Deborah Elkins//February 8, 2017//
Smith v. Munday (Lawyers Weekly No. 001-032-17, 31 pp.) (Gregory, J.) No. 15-1092, Feb. 3, 2017; USDC at Statesville, N.C. (Voorhees, J.) 4th Cir.
Holding: The 4th Circuit reverses summary judgment in this civil rights suit for defendant police officer who arrested plaintiff “April Smith” for selling crack cocaine, leading to her detention for 80 days before the criminal charges were dropped; even ignoring whether plaintiff’s weight, at either 160 pounds or 200 pounds, qualified as “skinny,” a criminal history, common gender and unfortunately common name is not enough to establish probable cause.
Confidential Informant
Police had information from a confidential informant who, on March 10, 2009, purchased cocaine from a black female named April Smith, who was described as “skinny.” At some point during the next nine months, a defendant officer, Jason Munday, scanned police databases for residents of Lincoln County named April Smith with criminal records. He then stumbled upon April Yvette Smith, plaintiff, a black woman who lived in Lincoln County and had been convicted of selling crack cocaine in 1993, 1997 and 2005. His search revealed at least two other April Smiths with criminal records. Defendant officer had no indication that the woman who sold crack cocaine in March 2009 had a criminal record, or was even a Lincoln County resident. Plaintiff alleges she weighed 160 pounds when arrested, and had weighed 200 pounds in March 2009. The record reflects no further attempt by defendant to investigate Smith or connect her to the crime.

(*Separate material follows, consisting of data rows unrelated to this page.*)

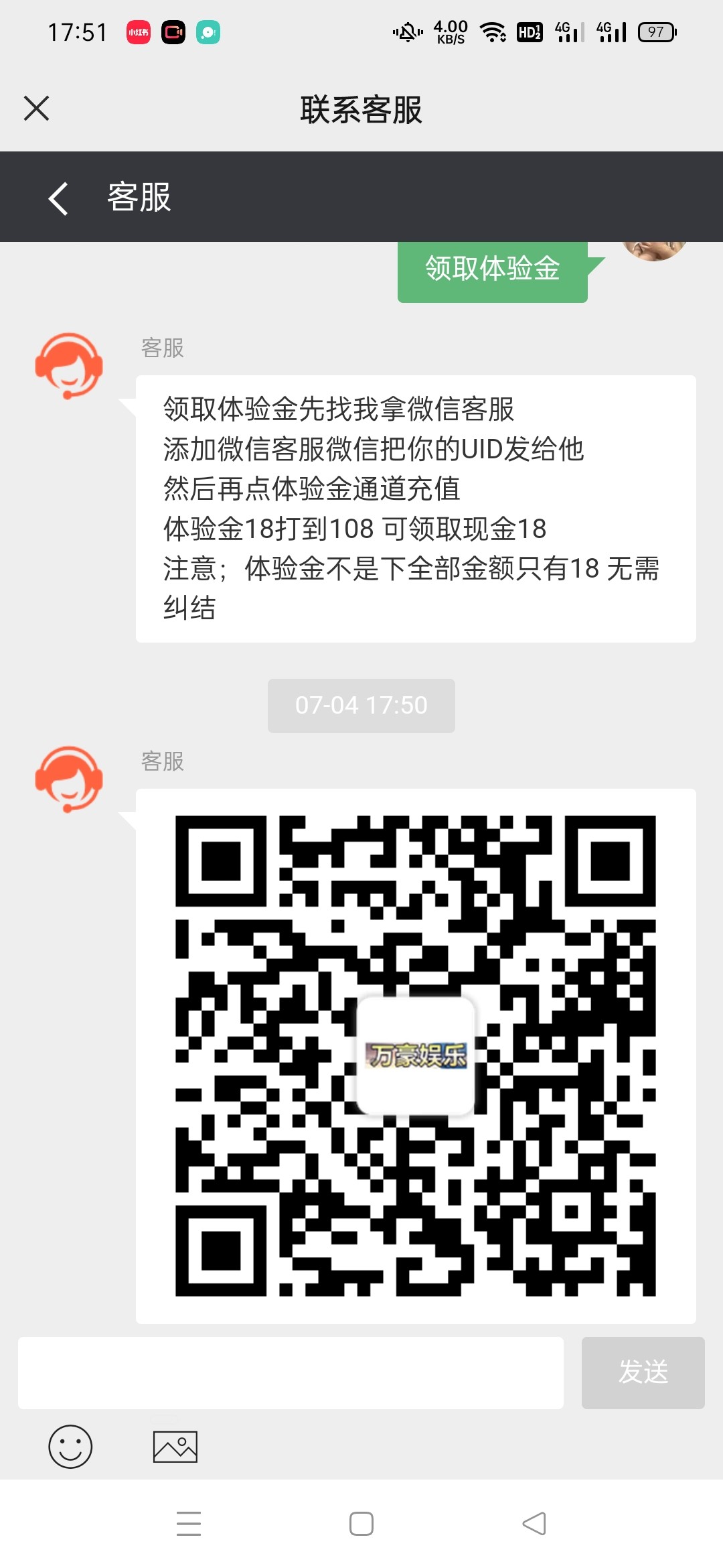 领取体验金先找我拿微信客服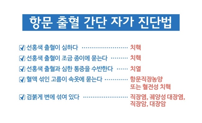 | 선홍색 | 치질, 치열, 직장암 | 변 위나 휴지에 묻음 |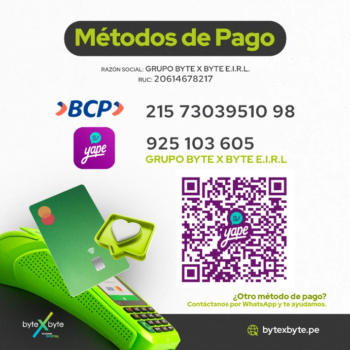 - Envía el comprobante al Whatsapp: 925103605.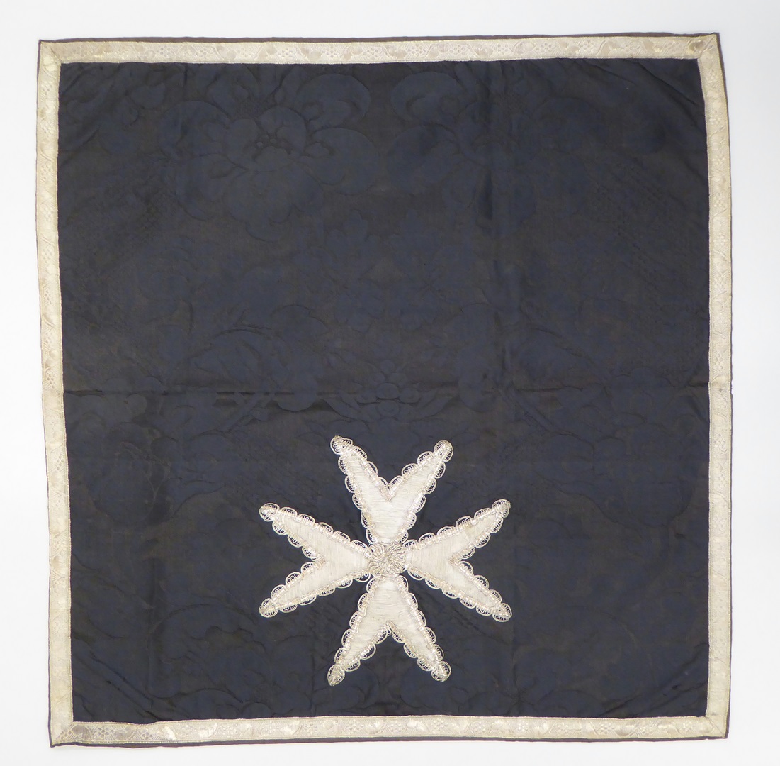 Blauwe rouwmanipel met kruisje van zwart-wit galon, ...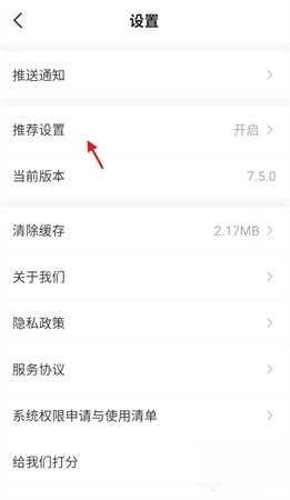 3、在设置页面中,找到并点击“推送设置”选项,进入推荐设置管理页面。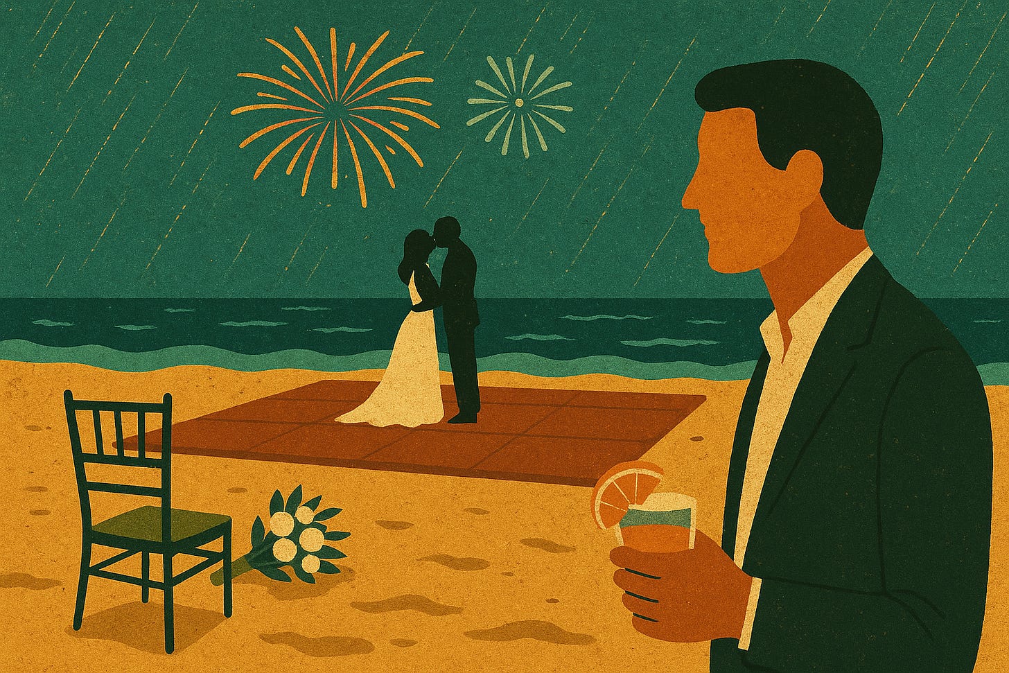 El novio le dio una vuelta a su mujer, dejándola caer en sus brazos. La besó apasionadamente. Fuegos artificiales estallaron detrás de ellos e iluminaron el entarimado que yacía sobre la arena, a pocos metros de la orilla del mar caribe. Las amigas de la novia gritaron como si la selección hubiese metido gol; las señoras menopáusicas se secaron las lágrimas y aplaudieron.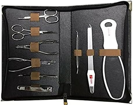 1 adet suni deri siyah set çantası Paslanmaz çeliktir. Sette 9 adet ürün bulunmaktadır 1 adet deri çanta 1 adet ayak törpüsü 1 adet et makası 1 adet tırnak makası 1 adet kaş makası 1 adet et pensi 1 adet tırnak pensi 1 adet siyah nokta çıkarıcı 1 adet et sıyırıcı tırnak törpüsü 1 adet cımbız Manikür-Pedikür Seti 1 Paket (1 x 0.422 g) FR-194

Nevertheless, nine months after the sale, Munday applied for and received an arrest warrant. Plaintiff was arrested in her home, 11 miles away from the site of the drug sale. She was held in custody for approximately 80 days, facing the threat of prosecution. The local prosecutor then requested that the charges be dismissed.
Probable Cause
The sole question at issue is whether there was probable cause to arrest Smith.
Defendant Munday had no evidence about Smith’s conduct, let alone whether she was a participant in, connected to, or even physically present near the drug sale in question. His only information about her was that she had previously been convicted for selling drugs years past, that she was a black woman, and that she was “near” the site of the drug sale because her home address was 11 miles away. If this amount of evidence were sufficient for probable cause, then officers would have probable cause to obtain arrest warrants for any local residents who fit the generic description of the day – be it “black woman,” “black man,” or otherwise – so long as they had a criminal history and an unfortunately common name. Such scant evidence barely meets the threshold of “mere suspicion,” let alone the threshold of probable cause.
We hold that Munday violated Smith’s Fourth Amendment rights when he applied for an arrest warrant that wholly lacked probable cause. The district court had previously found that Smith’s state-law claims against all of the individual officers, and negligent-supervision and pattern-or-practice theories of liability against the police chief and City of Lincolnton failed because no constitutional violation occurred. Because this reversal implicates those rulings, we remand to the district court so it can examine its prior determinations in the first instance.
Qualified immunity does not apply where the warrant application is so lacking in indicia of probable cause as to render official belief in its existence unreasonable.
We affirm dismissal of plaintiff’s false arrest claim, as the district court properly characterized her claim as one for malicious prosecution.
Affirmed in part, reversed in part and remanded.
Concurrence & Dissent
Agee, J., concurring & dissenting: The majority holds that the arrest warrant was not supported by probable cause and that Munday is not entitled to qualified immunity. I disagree. The record evidence reflects that reasonable minds could disagree as to whether probable cause exists; therefore, Munday is entitled to qualified immunity. I respectfully dissent from the majority’s decision to reverse the district court’s judgment in favor of Munday, but concur in affirming the district court as to additional claims.